→ **REQUIRED ACTION**
Shown below is a listing with pictures; reproduce exactly, and only, the lines between the ones containing "Готовая домашняя работа" and "- Laserem řezané", inclusive, leaving the pictures out.

→ **DATA UNDER STUDY**

•••

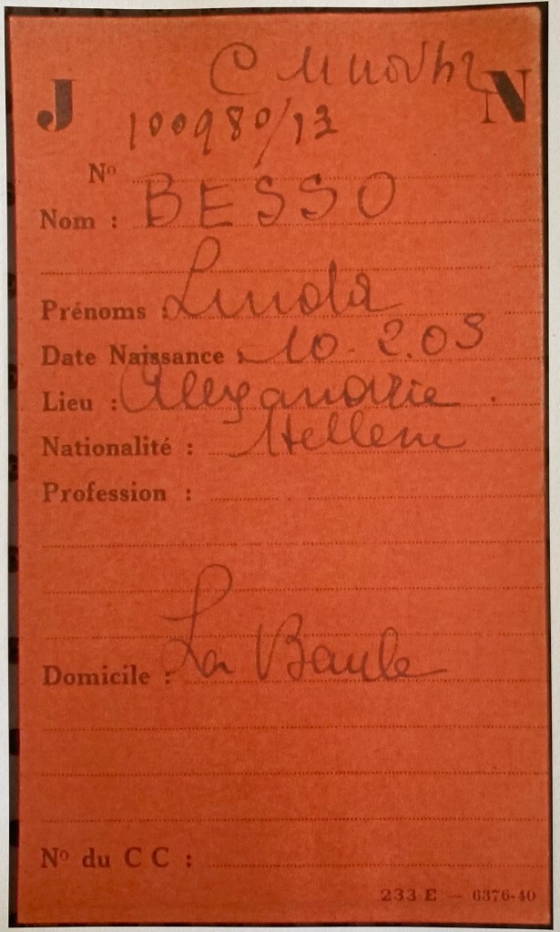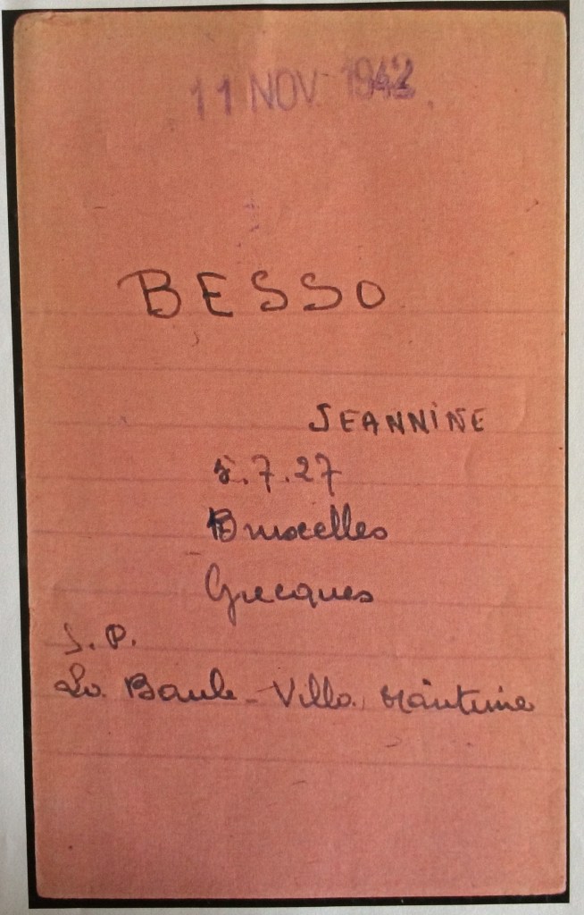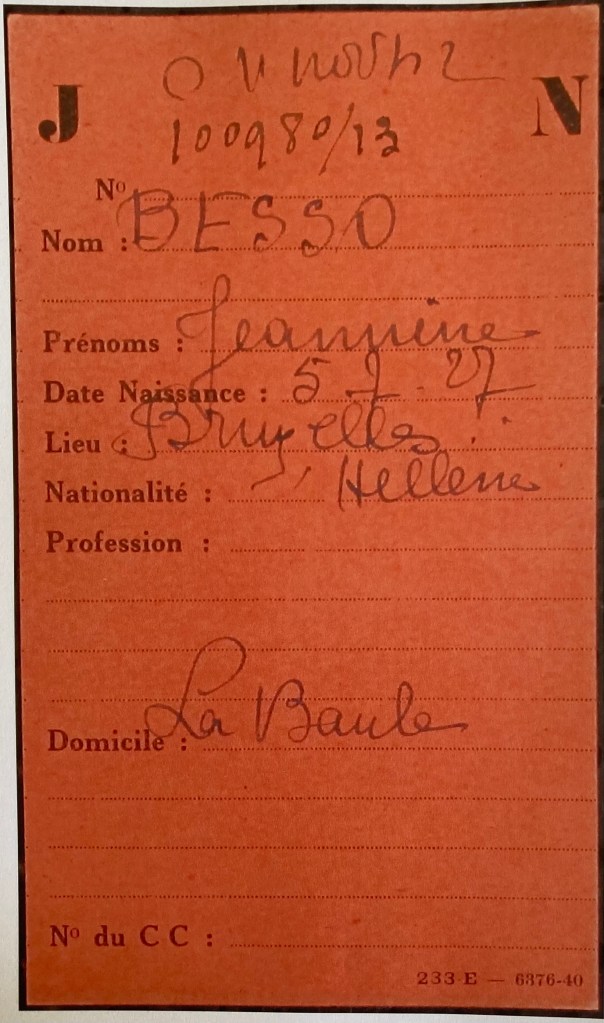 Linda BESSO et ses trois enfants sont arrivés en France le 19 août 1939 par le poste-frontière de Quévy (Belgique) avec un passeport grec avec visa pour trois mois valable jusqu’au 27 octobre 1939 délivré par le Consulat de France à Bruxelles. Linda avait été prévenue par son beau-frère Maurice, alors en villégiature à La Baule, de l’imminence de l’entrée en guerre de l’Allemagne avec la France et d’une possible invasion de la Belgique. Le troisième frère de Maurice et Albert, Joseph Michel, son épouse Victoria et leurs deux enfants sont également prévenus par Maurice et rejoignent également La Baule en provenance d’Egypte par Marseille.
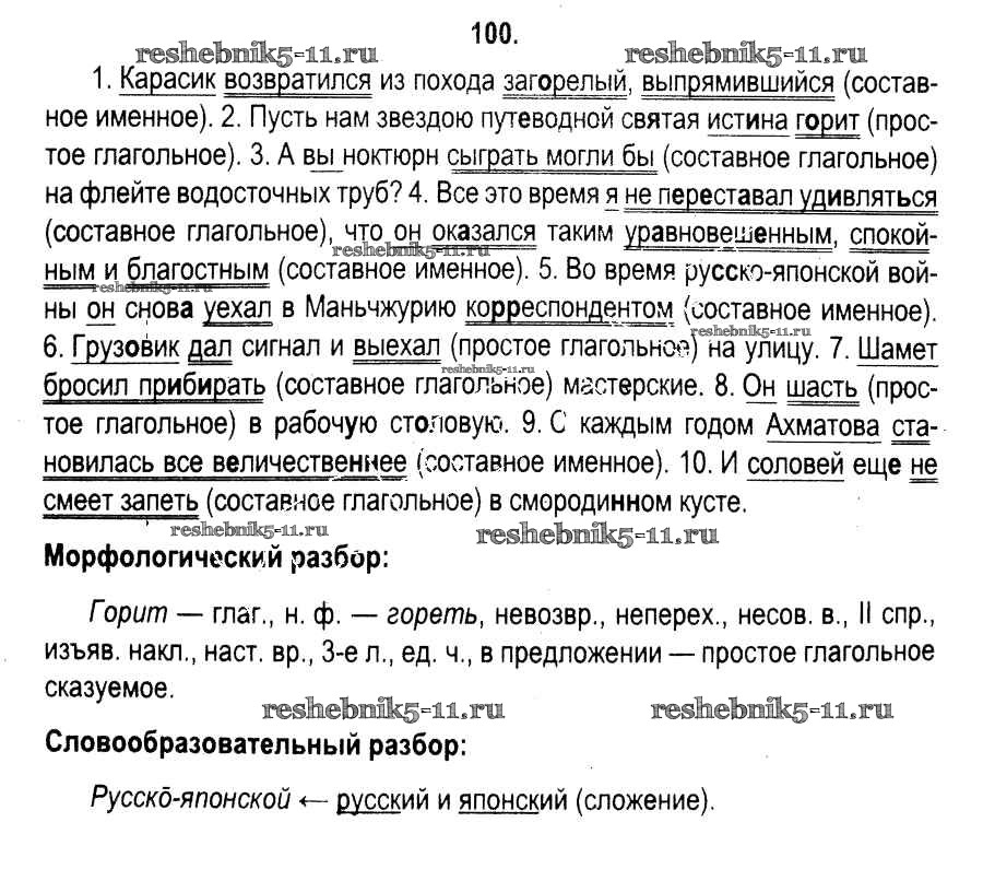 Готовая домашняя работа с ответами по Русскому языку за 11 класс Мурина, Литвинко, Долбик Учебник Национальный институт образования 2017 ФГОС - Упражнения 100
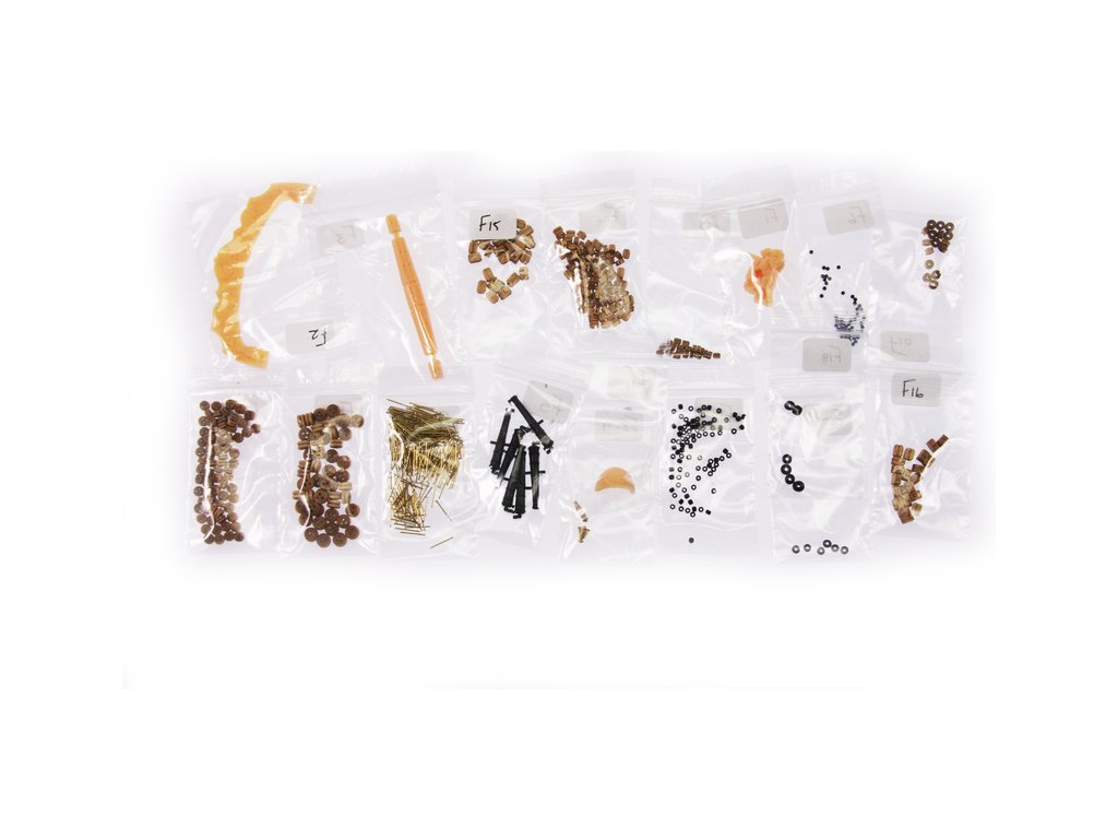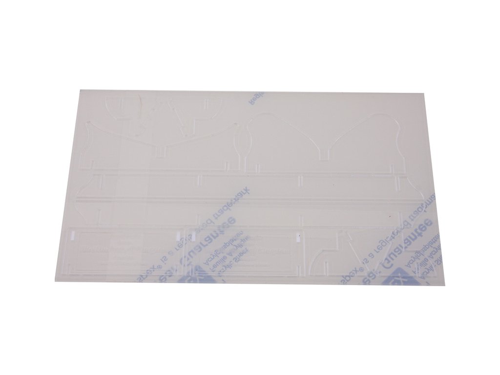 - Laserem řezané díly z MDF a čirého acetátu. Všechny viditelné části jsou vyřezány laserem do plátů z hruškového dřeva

•••

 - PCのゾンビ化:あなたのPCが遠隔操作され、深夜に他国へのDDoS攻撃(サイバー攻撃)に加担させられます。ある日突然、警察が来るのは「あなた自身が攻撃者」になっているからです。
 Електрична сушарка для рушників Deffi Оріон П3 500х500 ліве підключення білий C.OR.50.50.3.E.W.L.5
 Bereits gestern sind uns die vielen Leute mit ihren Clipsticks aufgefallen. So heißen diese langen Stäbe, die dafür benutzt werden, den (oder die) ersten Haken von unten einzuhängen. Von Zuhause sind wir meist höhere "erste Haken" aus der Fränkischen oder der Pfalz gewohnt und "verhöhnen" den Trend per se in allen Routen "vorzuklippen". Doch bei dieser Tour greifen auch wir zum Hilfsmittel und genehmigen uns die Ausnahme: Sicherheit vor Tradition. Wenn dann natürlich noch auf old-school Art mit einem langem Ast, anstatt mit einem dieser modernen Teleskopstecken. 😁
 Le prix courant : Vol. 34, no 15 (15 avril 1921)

•••

→ **ANSWER TO THIS EXERCISE**
 Готовая домашняя работа с ответами по Русскому языку за 11 класс Мурина, Литвинко, Долбик Учебник Национальный институт образования 2017 ФГОС - Упражнения 100
 - Laserem řezané díly z MDF a čirého acetátu. Všechny viditelné části jsou vyřezány laserem do plátů z hruškového dřeva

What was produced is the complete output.